「えっこれも?」身近なDXを見える化して見えた5つの事例
「DXって、何?デラックスってこと?」なんていう人もまだまだ多い日本では、DX=デジタルトランスフォーメーションという認識を持てていない人も少なくない。現状、ビジネスの会話でしか登場しない言葉だが、実は私たちの身近にもさまざまなDXの恩恵を受けている。普段の生活に照らし合わせながら、身近なDXについて考えてみよう。
目次
「DXって何?」に答えられない人の方が多い現状
生活者起点のリサーチやマーケティング支援を行う株式会社ネオマーケティングが2020年9月4日から4日間、18歳以上の正社員・公務員の男女1000人を対象に「DXの取り組み」をテーマにした調査結果を発表した。これによると「『DX』という言葉を知っているか」との問いに対し、64.3%が「全く知らない」と答えたことが判明。経済産業省が「2025年の崖」として警鐘を鳴らし、国家レベルで注目されているDXだが、いまだ認知度が低いのが現状だ。
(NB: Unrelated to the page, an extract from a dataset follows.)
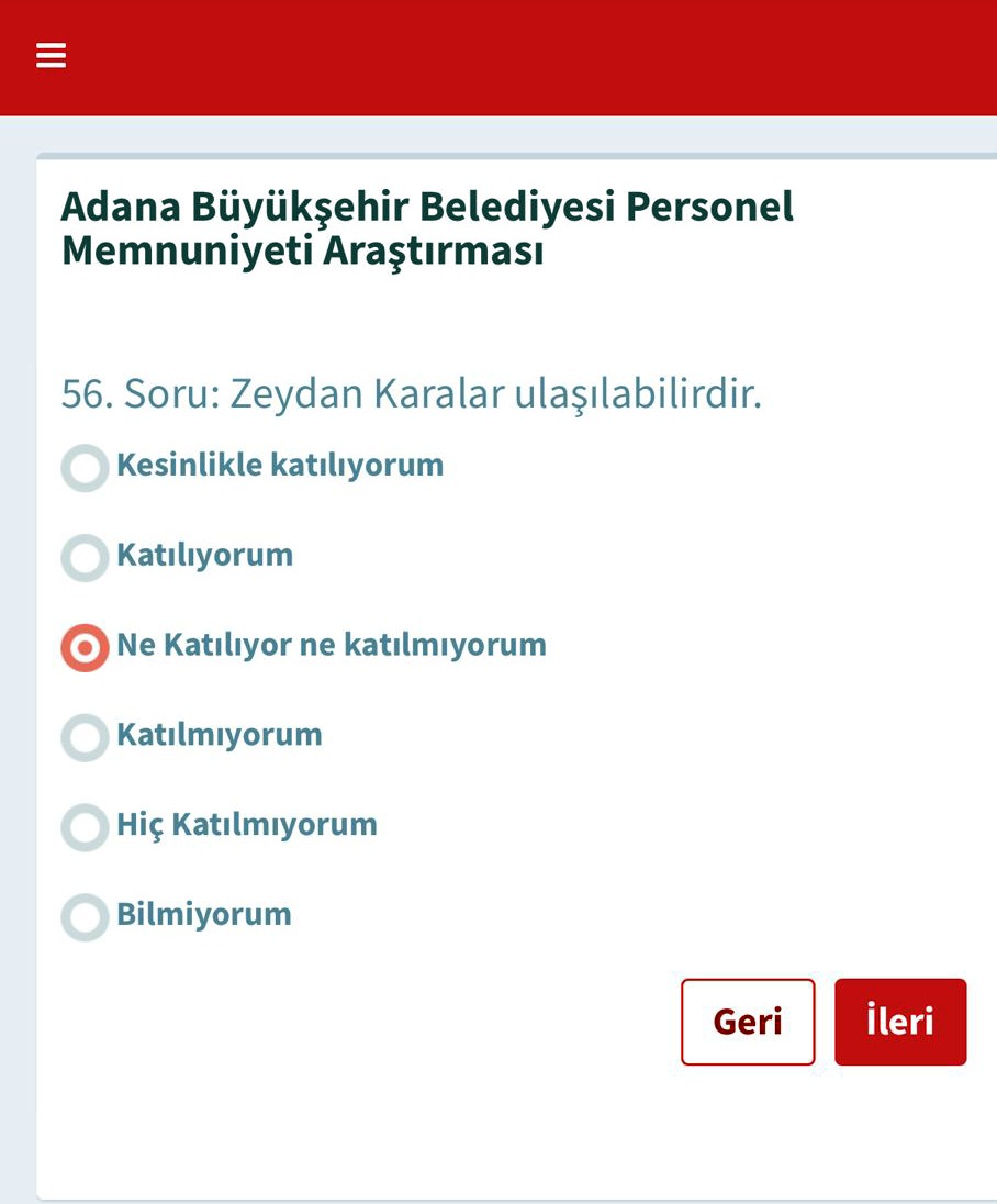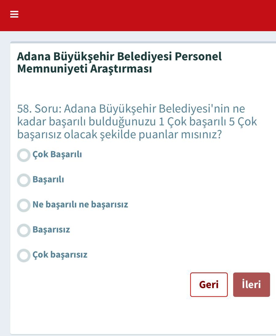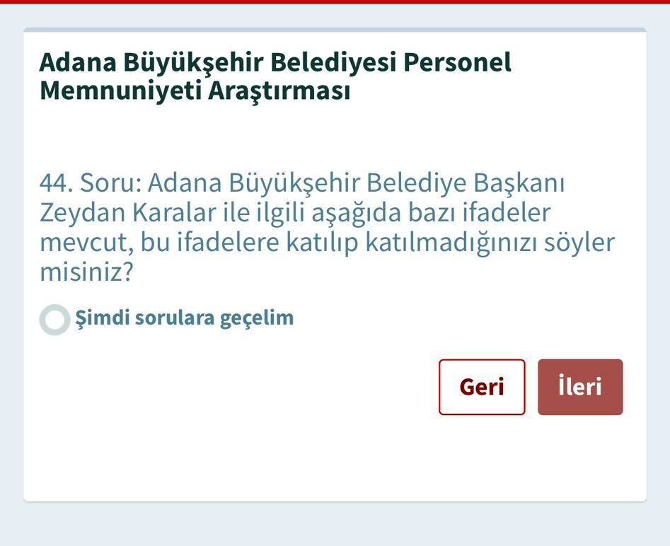 CHP'li Adana Büyükşehir Belediyesi Zeydan Karalar da, kurum içinde kendisine yönelik 'memnuniyet anketi' yaptı.

しかし、DXとは「進化し続けるデジタル技術を生活に浸透させることで、人々の生活をより豊かなものへと変換する」という意味がある。つまり、ビジネスだけではなくDXを取り入れることで日常にも大きな変革が起こり得るのだ。そこで今回は、私たちが1日の中でどれだけDXに触れる機会があるのかを紹介。あなたが何気なく使用しているサービスも実はDXなのかもしれない。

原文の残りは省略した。